Collected data entries
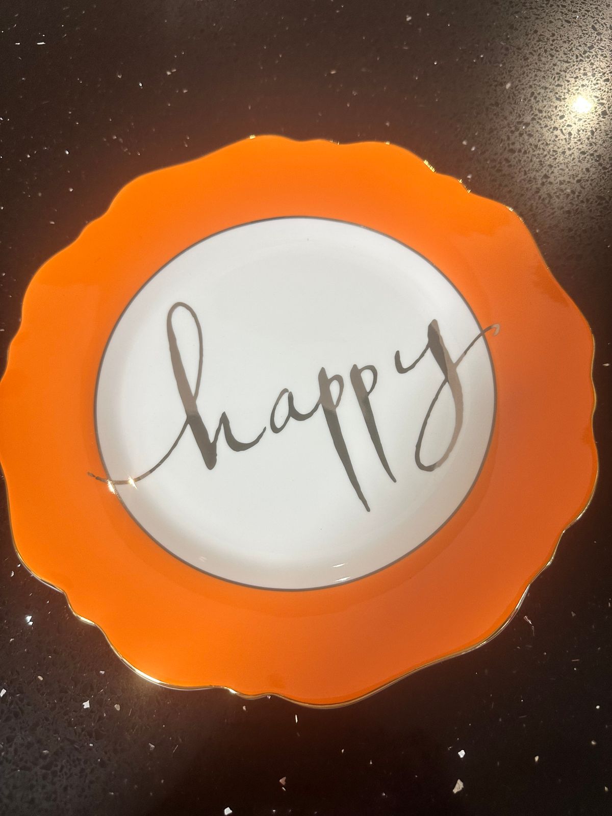 LyndalT 'Happy' Orange Side Plate Dimensions: 22.8cm | 9 inches. Hand-painted on new fine china.
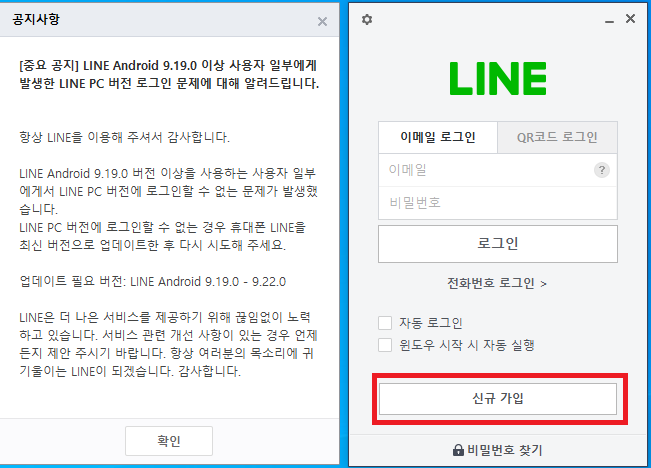 라인(LINE) PC버전 회원가입 로그인 인증 및 다운로드 방법
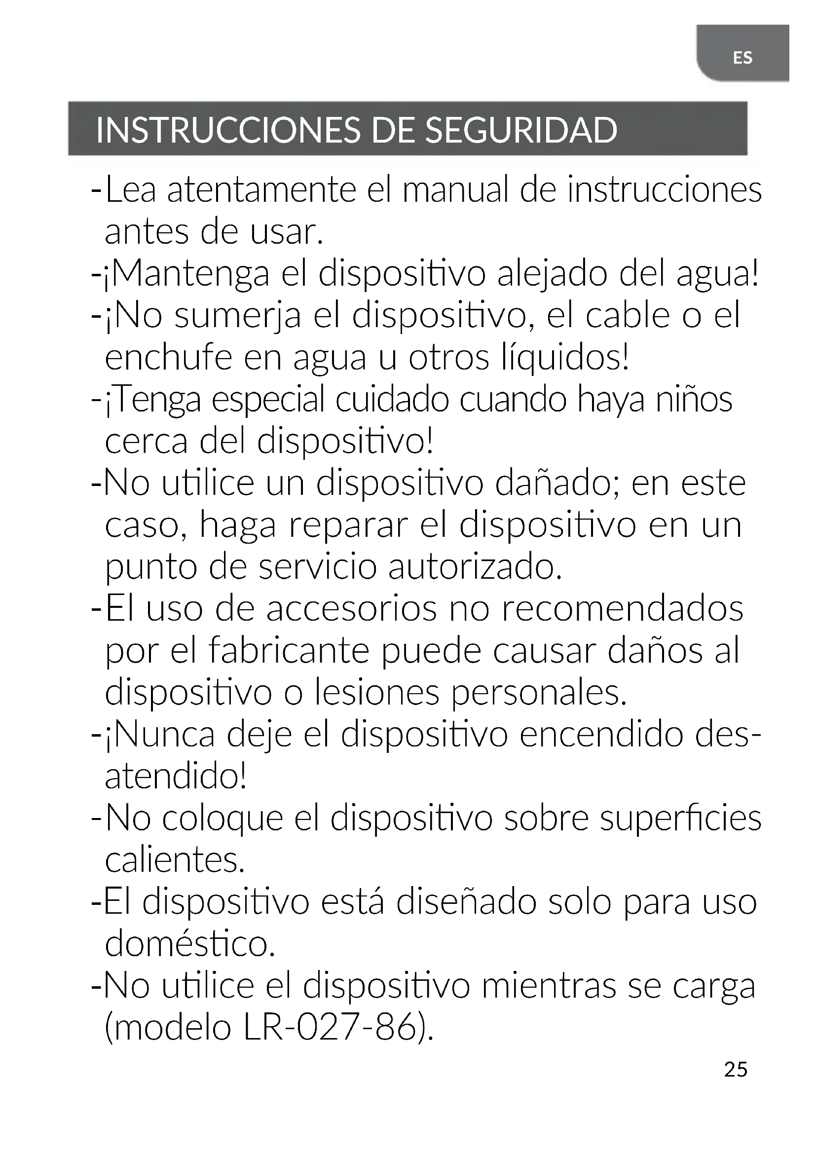 No coloque el disposivo sobre supercies calientes. - El disposivo está diseñado solo para uso domésco. - No ulice el disposivo mientras se carga (modelo LR-027-86).26
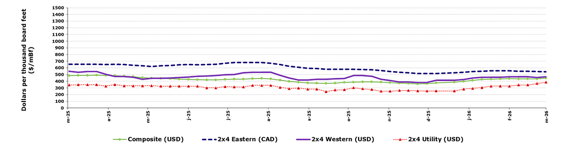 Dollars per thousand board feet | March 13, 2026 | March 6, 2026 | 4-week average | 52-weeks average |
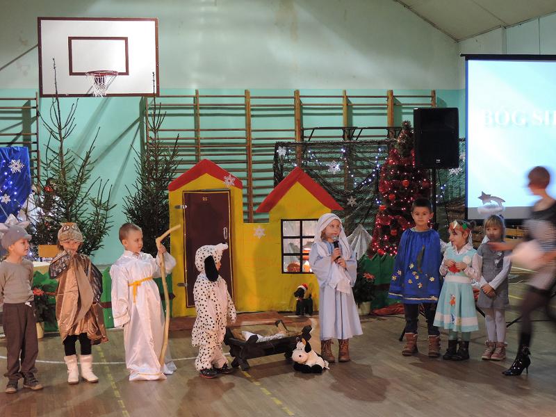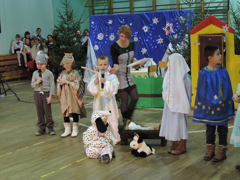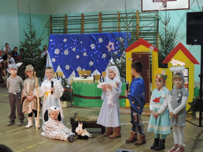 Reprezentanci przedszkola w Rozogach „SŁONECZKO” miały zaszczyt i przyjemność rozpocząć ten uroczysty i przyjemny wieczór prezentując swoje Jasełka Bożenarodzeniowe p.t.” Zwierzątka w drodze do Betlejem”. Występ dla naszych małych artystów był pierwszym wystąpieniem poza terenem przedszkola i dla tak dużej publiczności. Jednak mamy nadzieję, że nie ostatnim.
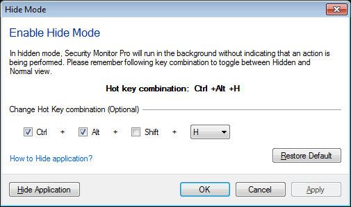 Pour masquer ou afficher l’application, vous devez définir et mémoriser la combinaison de touches de raccourci.Par défaut, Ctrl + Alt + H est défini comme touche de raccourci.Si vous modifiez la valeur par défaut, sélectionnez une combinaison de touches de raccourci pouvant être facilement mémorisée.Sélectionnez une combinaison de touches et cliquez sur le bouton Appliquer bouton.
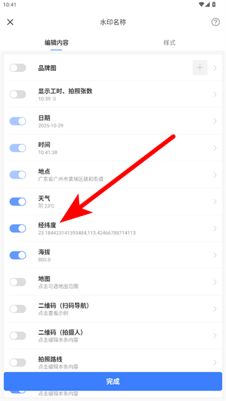2、在水印名稱編輯頁(yè)面,點(diǎn)擊經(jīng)緯度選項(xiàng)。
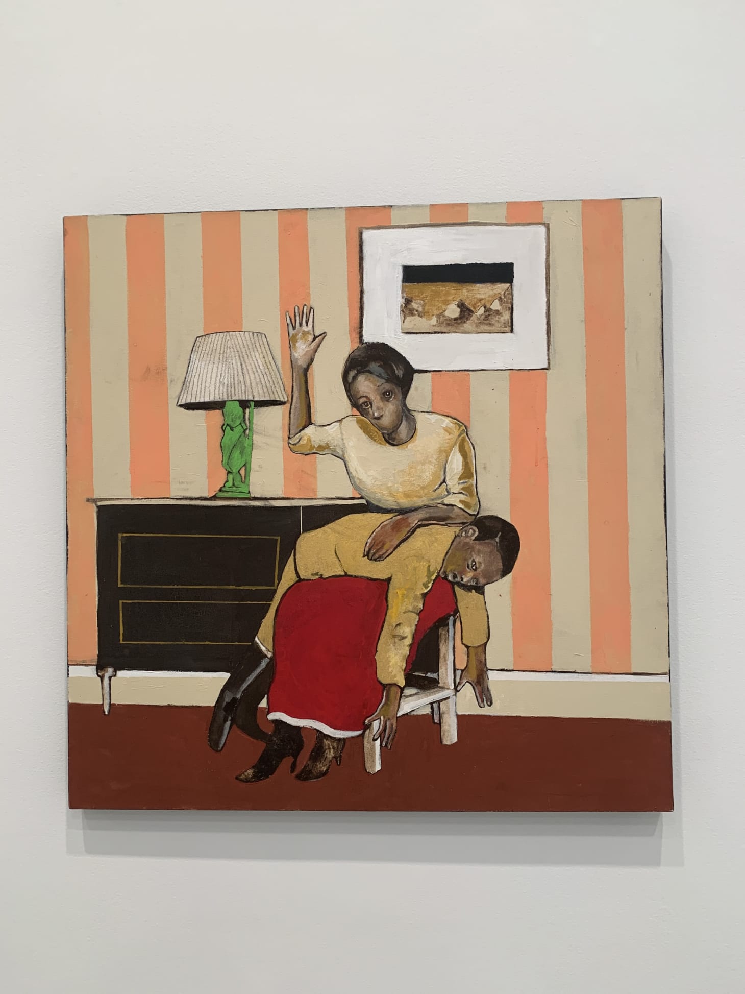 Often compared to that of Luc Tuymans, Henry Taylor, and Marlene Dumas, Davis’s style eludes such easy descriptors. Characterized by moody purples, greens, rich browns, and inky blacks, often applied in a dry technique, Davis’s body of work sits in a class all its own, deeply rooted as it is in the particularities of a uniquely Black vision of the mundane. In a smaller, square painting from 2007, cheekily titled “Bad Boy for Life” (2007), Davis renders a familiar domestic scene of a young Black boy bent over his mother’s lap. Here, we enter the moment before a spanking. The child’s arms are outstretched rigidly, tensed in anticipation of the inevitable blow, while his mother looks straight back at the viewer, hand raised above him. Eyes wide, she has no mouth, only a bulging cheek highlighted in a cream tone that matches the striped wallpaper behind her. Her partial expression refuses guilt or indignation over her task. She is simply doing it, and letting us know she sees us seeing her.
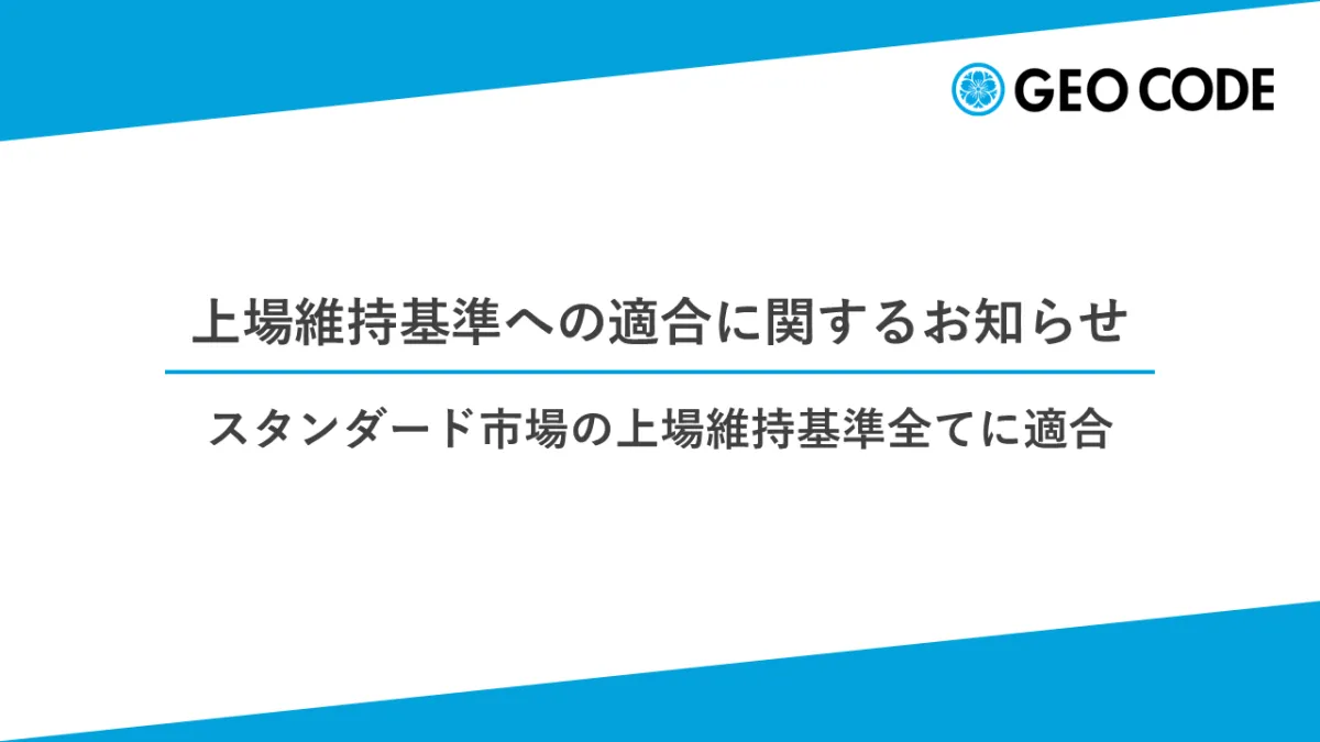 この適合状況は、東京証券取引所が株券の分布状況を考慮して算出を行った結果であり、上場企業としての信頼性が高まったことになります。今後もジオコードは、継続的な事業拡大を視野に入れ、さらなる企業価値の向上を目指していく方針です。
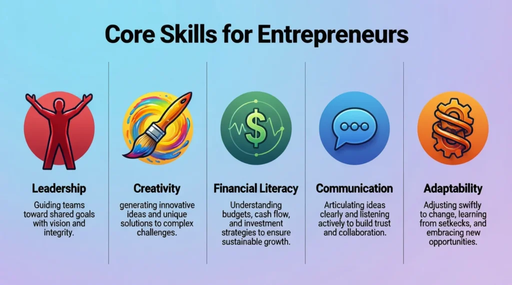 Entrepreneurial skills form the backbone of business success. They aren’t fixed traits but learnable abilities that grow with practice, reflection, and persistence.
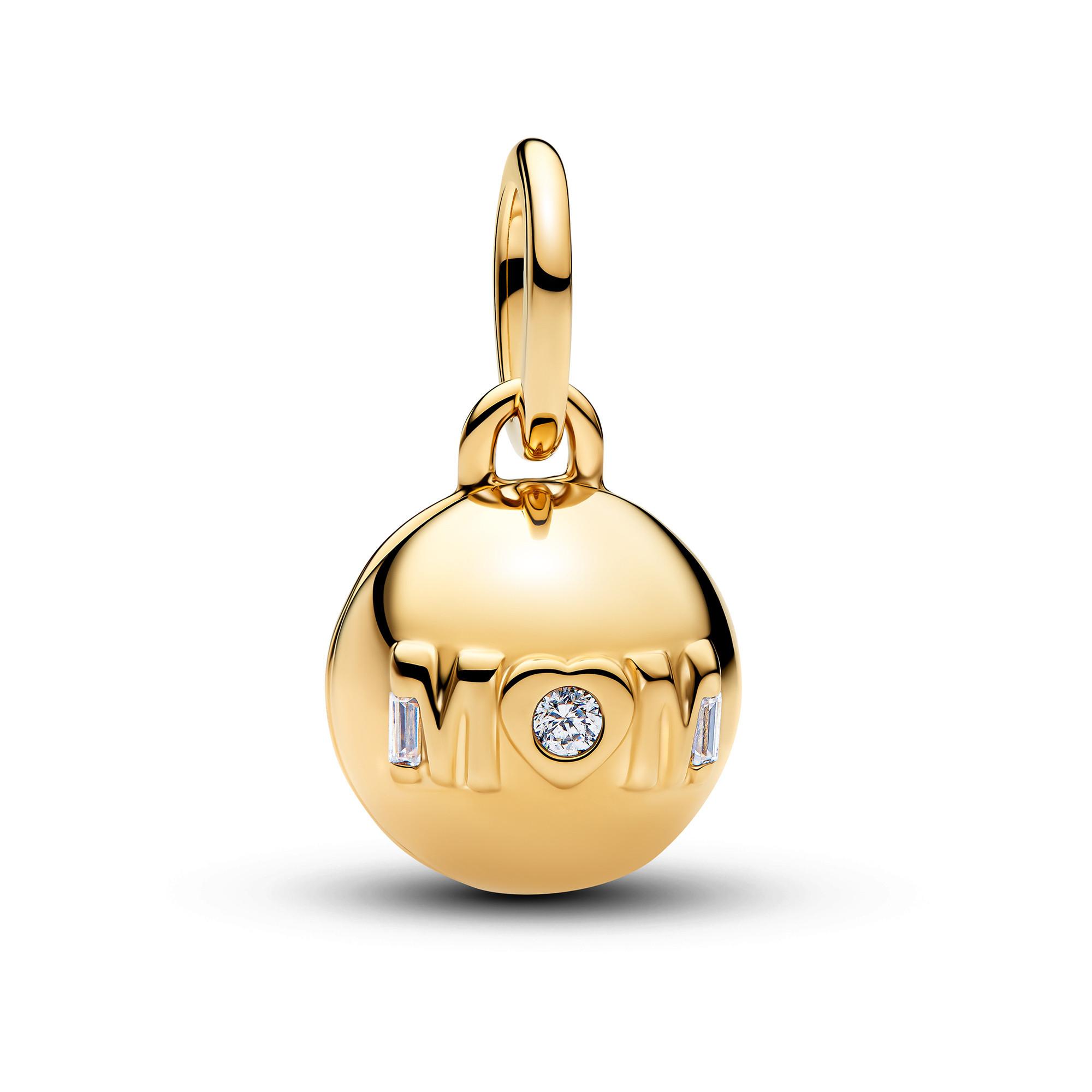 Der zu öffnende Kugel-Charm aus 14 Karat vergoldetem Material beeindruckt mit erhabenen Schriftzügen, drei funkelnden Steinen und der Gravur „Love you“ in schwarzer Emaille im Inneren. Ein liebevolles Schmuckstück, das deiner Mutter auf besondere Weise deine Wertschätzung zeigt.

TASK OBJECTIVE
Return the records above exactly as written, but without any of the pictures.

RESPONSE TO THIS EXERCISE
 LyndalT 'Happy' Orange Side Plate Dimensions: 22.8cm | 9 inches. Hand-painted on new fine china.
 라인(LINE) PC버전 회원가입 로그인 인증 및 다운로드 방법
 No coloque el disposivo sobre supercies calientes. - El disposivo está diseñado solo para uso domésco. - No ulice el disposivo mientras se carga (modelo LR-027-86).26
 Dollars per thousand board feet | March 13, 2026 | March 6, 2026 | 4-week average | 52-weeks average |
 Reprezentanci przedszkola w Rozogach „SŁONECZKO” miały zaszczyt i przyjemność rozpocząć ten uroczysty i przyjemny wieczór prezentując swoje Jasełka Bożenarodzeniowe p.t.” Zwierzątka w drodze do Betlejem”. Występ dla naszych małych artystów był pierwszym wystąpieniem poza terenem przedszkola i dla tak dużej publiczności. Jednak mamy nadzieję, że nie ostatnim.
 Pour masquer ou afficher l’application, vous devez définir et mémoriser la combinaison de touches de raccourci.Par défaut, Ctrl + Alt + H est défini comme touche de raccourci.Si vous modifiez la valeur par défaut, sélectionnez une combinaison de touches de raccourci pouvant être facilement mémorisée.Sélectionnez une combinaison de touches et cliquez sur le bouton Appliquer bouton.
2、在水印名稱編輯頁(yè)面,點(diǎn)擊經(jīng)緯度選項(xiàng)。
 Often compared to that of Luc Tuymans, Henry Taylor, and Marlene Dumas, Davis’s style eludes such easy descriptors. Characterized by moody purples, greens, rich browns, and inky blacks, often applied in a dry technique, Davis’s body of work sits in a class all its own, deeply rooted as it is in the particularities of a uniquely Black vision of the mundane. In a smaller, square painting from 2007, cheekily titled “Bad Boy for Life” (2007), Davis renders a familiar domestic scene of a young Black boy bent over his mother’s lap. Here, we enter the moment before a spanking. The child’s arms are outstretched rigidly, tensed in anticipation of the inevitable blow, while his mother looks straight back at the viewer, hand raised above him. Eyes wide, she has no mouth, only a bulging cheek highlighted in a cream tone that matches the striped wallpaper behind her. Her partial expression refuses guilt or indignation over her task. She is simply doing it, and letting us know she sees us seeing her.
 この適合状況は、東京証券取引所が株券の分布状況を考慮して算出を行った結果であり、上場企業としての信頼性が高まったことになります。今後もジオコードは、継続的な事業拡大を視野に入れ、さらなる企業価値の向上を目指していく方針です。
 Entrepreneurial skills form the backbone of business success. They aren’t fixed traits but learnable abilities that grow with practice, reflection, and persistence.
 Der zu öffnende Kugel-Charm aus 14 Karat vergoldetem Material beeindruckt mit erhabenen Schriftzügen, drei funkelnden Steinen und der Gravur „Love you“ in schwarzer Emaille im Inneren. Ein liebevolles Schmuckstück, das deiner Mutter auf besondere Weise deine Wertschätzung zeigt.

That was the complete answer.